### Dataset excerpt ###
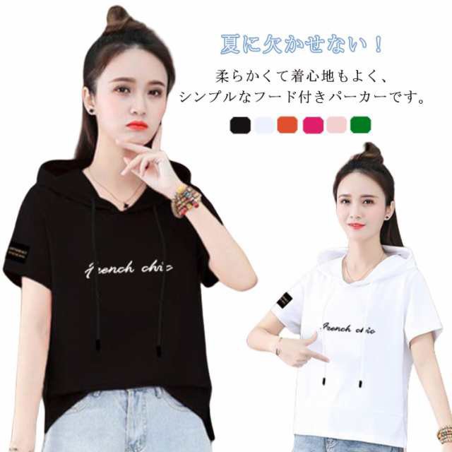 フード付きtシャツ 春 フード 半袖 パーカー Tシャツ プルオーバー tシャツ 薄手 レディース 夏 トップス フーディー プリント ロゴ パーカー カットソー テーシャツ シンプル 大きいサイズ カジュアル 送料無料
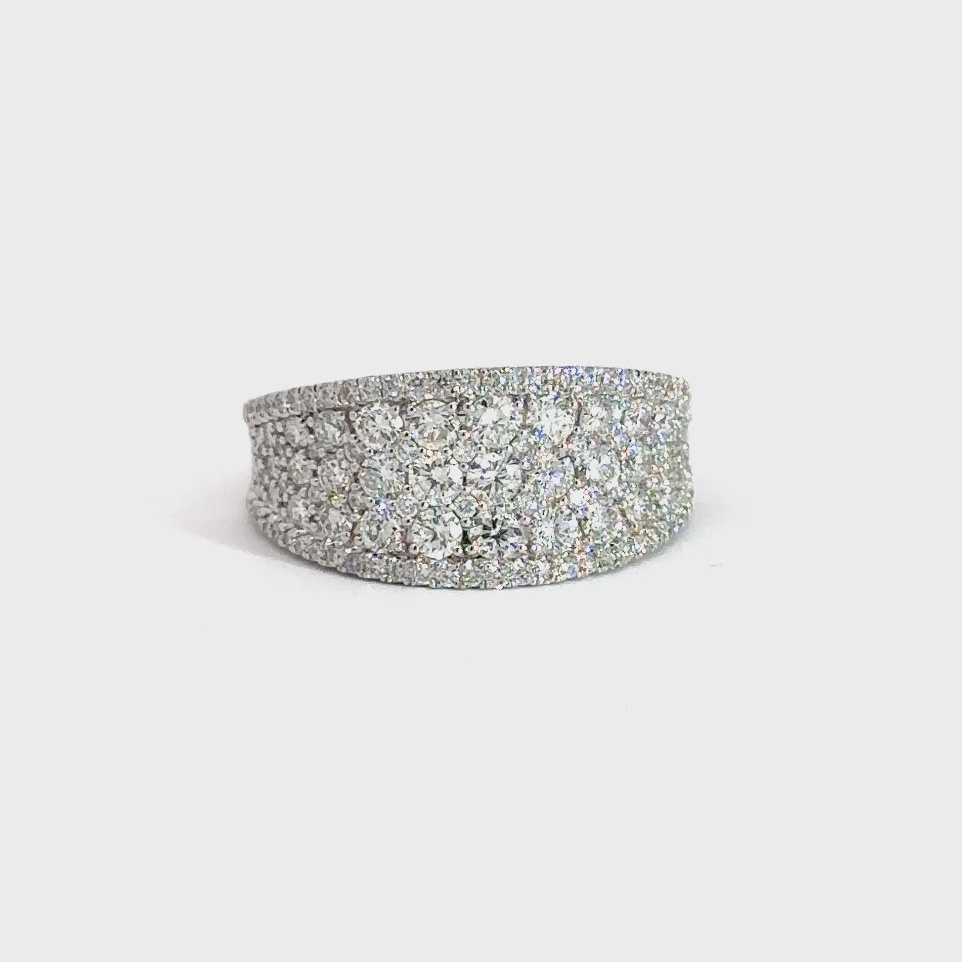 Expertly crafted from striking 14k white gold, this stunning diamond band showcases a cluster of pave set round brilliant diamonds totaling approximately 1.25cttw. Its impressive diamonds have a clarity of SI1 and a body color of (F-G), making for a truly luxurious piece.
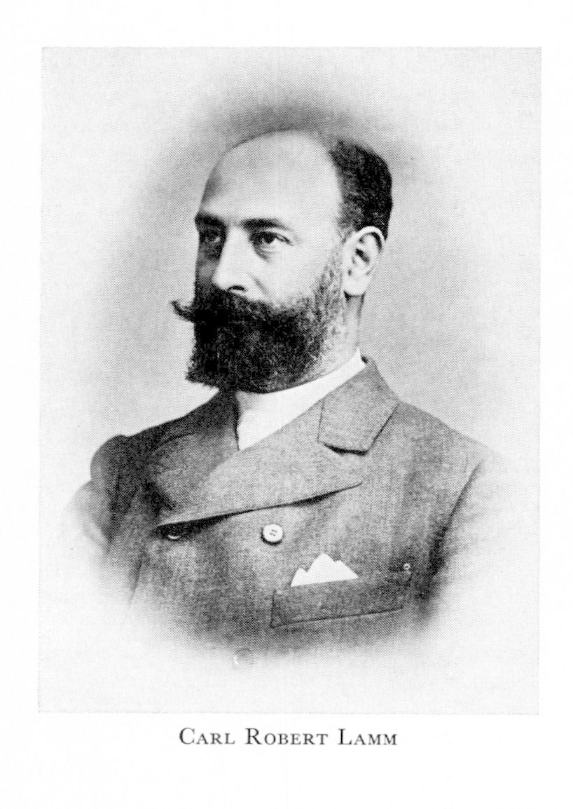 3 Lamm, Carl Robert, kusin till L 1 o L 2, f 4 aug 1856 i Sthlm, Mosaiska, d 12 aug 1938 på Näsby, Täby, Sth. Föräldrar: direktören Jacques L o Galathea Jacobsson. Praktiserade vid Motala mek verkstad 71—72, elev vid Teknologiska inst 13 sept 73, utex 9 juni 76, ritare vid Ludvigsbergs verkstads ab 76, verkmästare 1 april 79, VD o led av styr 81—04 (ordf från 87), led av styr för Sv slöjdfören från 93, led av styr för Fören för sv hemslöjd från 99, av komm för sv deltagande i 1900 års världsutställn i Paris, av styr för Luth & Roséns elektriska ab 04—22, VD i Näsby fastighetsab 07, led av Sthlms skiljenämnd för handel, industri o sjöfart 07—18, av komm för Sv slöjdfören:s konst-slöjdutställn i Sthlm 09, ordf i kommunalstämman för Täby 14—18, led av kommunalfullm där 19—34, av styr för Bukowskis konsthandel 21—26, andre vice ordf i Statens hemslöjdsråd 36.
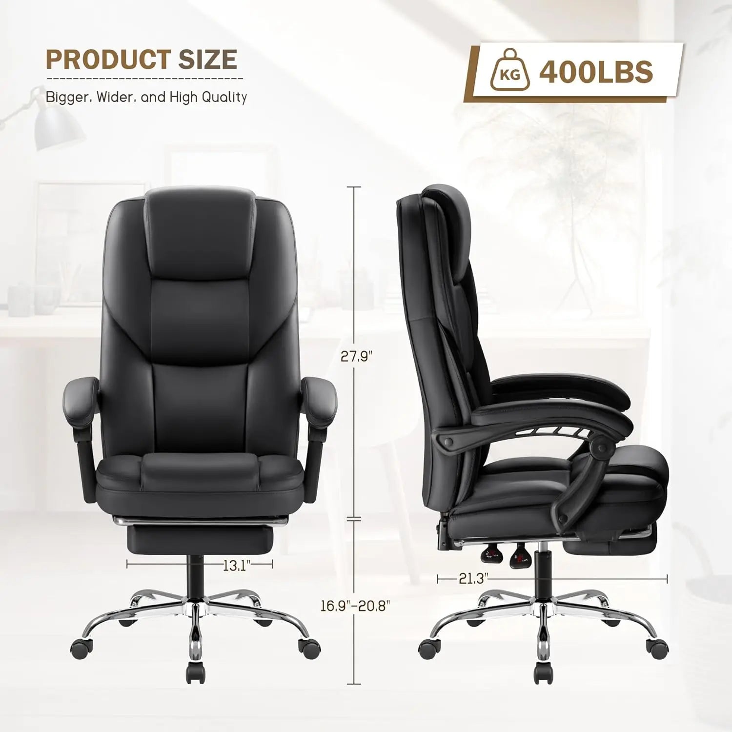 - Rigid, durable build: heavy‑duty nylon base supports up to 400 lbs; PU leather is soft, scratch‑ and stain‑ resistant, easy to wipe down for long‑term use.
###
- [What to produce] Retype, exactly as written, each line from the one containing "Expertly crafted from" through the end of the data above, and leave out every picture.

- [Completed task]
 Expertly crafted from striking 14k white gold, this stunning diamond band showcases a cluster of pave set round brilliant diamonds totaling approximately 1.25cttw. Its impressive diamonds have a clarity of SI1 and a body color of (F-G), making for a truly luxurious piece.
 3 Lamm, Carl Robert, kusin till L 1 o L 2, f 4 aug 1856 i Sthlm, Mosaiska, d 12 aug 1938 på Näsby, Täby, Sth. Föräldrar: direktören Jacques L o Galathea Jacobsson. Praktiserade vid Motala mek verkstad 71—72, elev vid Teknologiska inst 13 sept 73, utex 9 juni 76, ritare vid Ludvigsbergs verkstads ab 76, verkmästare 1 april 79, VD o led av styr 81—04 (ordf från 87), led av styr för Sv slöjdfören från 93, led av styr för Fören för sv hemslöjd från 99, av komm för sv deltagande i 1900 års världsutställn i Paris, av styr för Luth & Roséns elektriska ab 04—22, VD i Näsby fastighetsab 07, led av Sthlms skiljenämnd för handel, industri o sjöfart 07—18, av komm för Sv slöjdfören:s konst-slöjdutställn i Sthlm 09, ordf i kommunalstämman för Täby 14—18, led av kommunalfullm där 19—34, av styr för Bukowskis konsthandel 21—26, andre vice ordf i Statens hemslöjdsråd 36.
 - Rigid, durable build: heavy‑duty nylon base supports up to 400 lbs; PU leather is soft, scratch‑ and stain‑ resistant, easy to wipe down for long‑term use.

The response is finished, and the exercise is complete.